Hand-to-hand combat is a significant feature of most combat sports.

==Modern usage==
A 2014 study found that, amongst US soldiers deployed to Iraq and Afghanistan between 2004 and 2008, 19% reported the use of hand-to-hand techniques in at least one encounter, in a variety of circumstances and contexts (such as close combat, prisoner handling, crowd control and security checkpoints), supporting prior research that indicated that, despite advances in technology, hand-to-hand combat remained a persistent aspect of modern warfare.

Hand-to-hand combat is the principal form of combat during skirmishes between Indian Army and Chinese People's Liberation Army soldiers along the disputed Himalayan border between India and the People's Republic of China. While Chinese and Indian soldiers carry firearms, due to decades of tradition designed to reduce the possibility of an escalation, agreements disallow usage of firearms along this border. In the 2020 China–India skirmishes, hand-to-hand combat involving stones, batons, iron rods, and other makeshift weapons resulted in the deaths of over 50 soldiers on both sides over six hours of fighting.

===Military systems===
- In the Soviet Union, sambo (self-defence without weapons) began development in the 1920s for the military and secret police as a fighting system based on indigenous and foreign martial arts.
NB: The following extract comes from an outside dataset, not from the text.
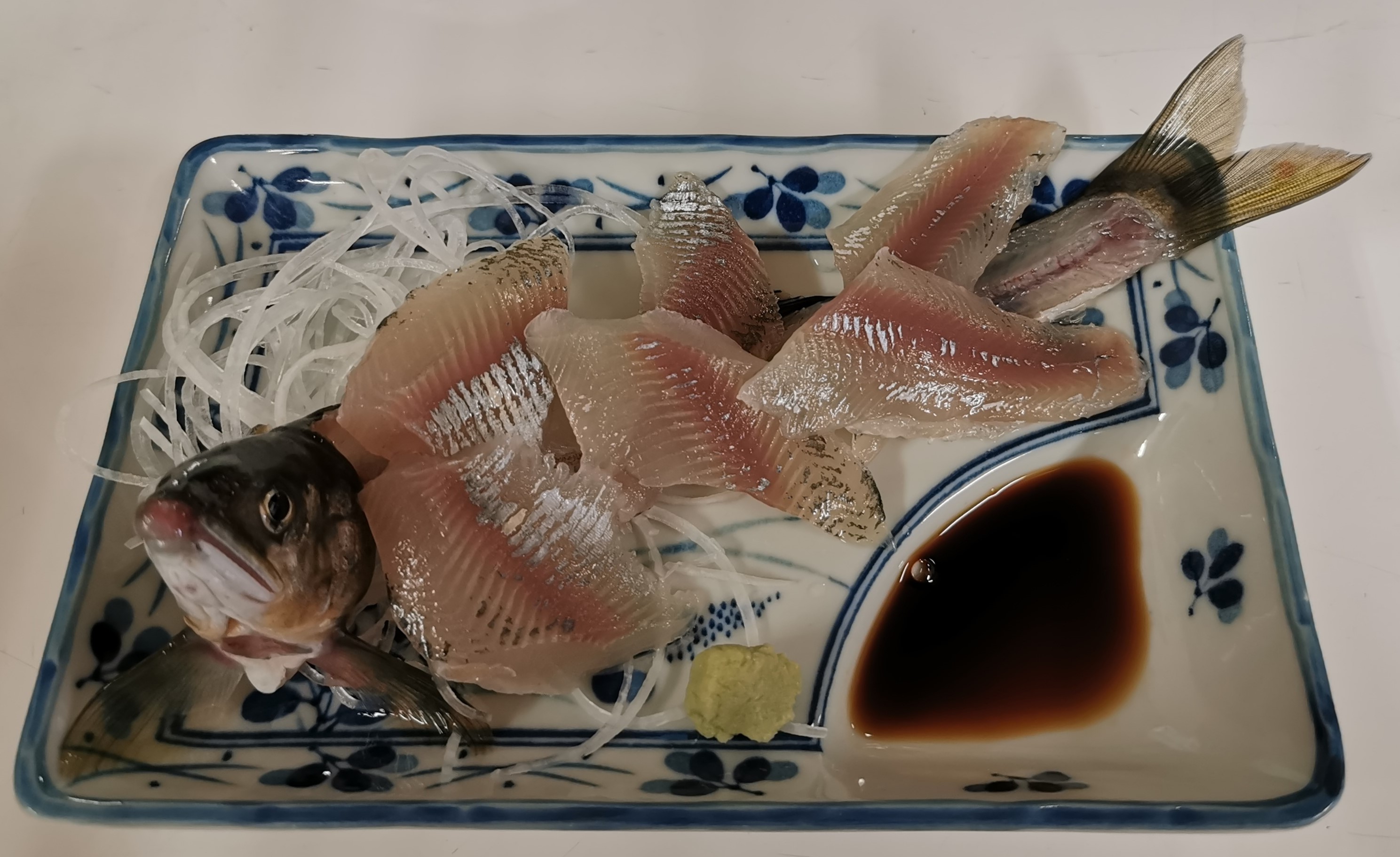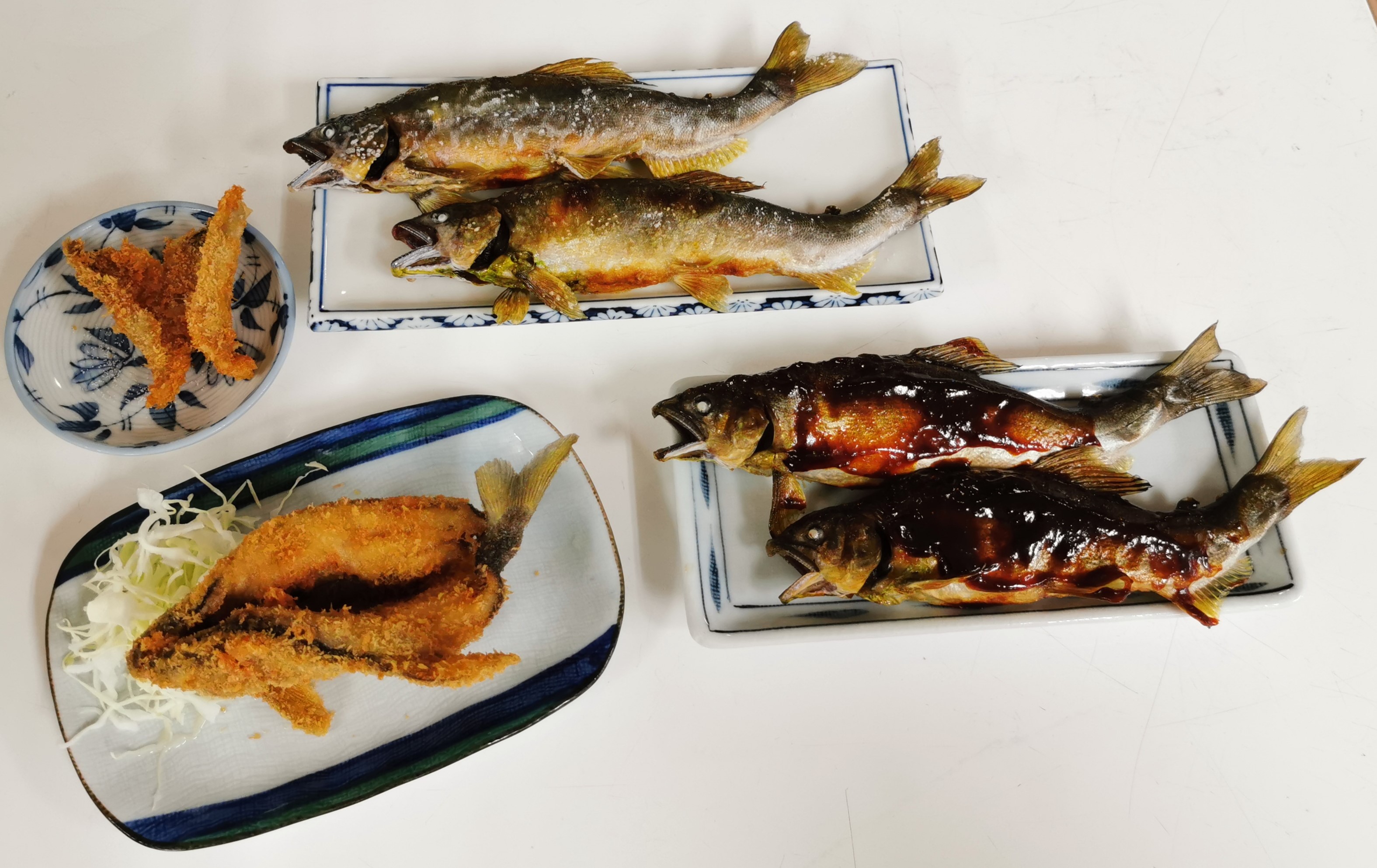 ・鮎料理一式/4,400円 ( 塩焼2匹・魚田2匹・刺身1匹・フライ1匹・酢の物1匹・雑炊一人前 )・酢の物/660円 ( 一匹 )

It has since become a combat sport, an international style of wrestling, and foundation for many MMA fighters.
  - ARB (Army Hand-to-Hand Combat) is a Soviet martial art based on sambo that began development for the military in 1979. It has since become a popular combat sport in Russia.

- Krav Maga is an Israeli martial art that was used by Zionist paramilitary groups and subsequently adopted by the Israeli military when it was founded in 1948.
- Jieitaikakutōjutsu is a military self-defence and fighting system developed for JSDF personnel. The system primarily consists of hand-to-hand combat, bayonet and knife fighting principles.
- In 2002, the U.S. Army adopted the Modern Army Combatives (MAC) hand-to-hand combat training program with the publishing of U.S. Army field manual (FM 3-25.150) and the establishment of the U.S. Army Combatives School at Ft Benning, Georgia.
  - The U.S. Air Force adopted MAC as its hand-to-hand combat system in early 2008.

- In the U.S. Marine Corps, Marine Corps Martial Arts Program (MCMAP) replaced the Marine Corps LINE combat system in 2002. Each Marine keeps a record book that records their training, and a colored belt system (tan, gray, green, brown, and black in order of precedence) is used to denote experience and skill level, similar to many Asian martial arts.
==Federation==
The International Federation for Hand-to-Hand-Fighting (HSIF) was founded in 2006 in Moscow.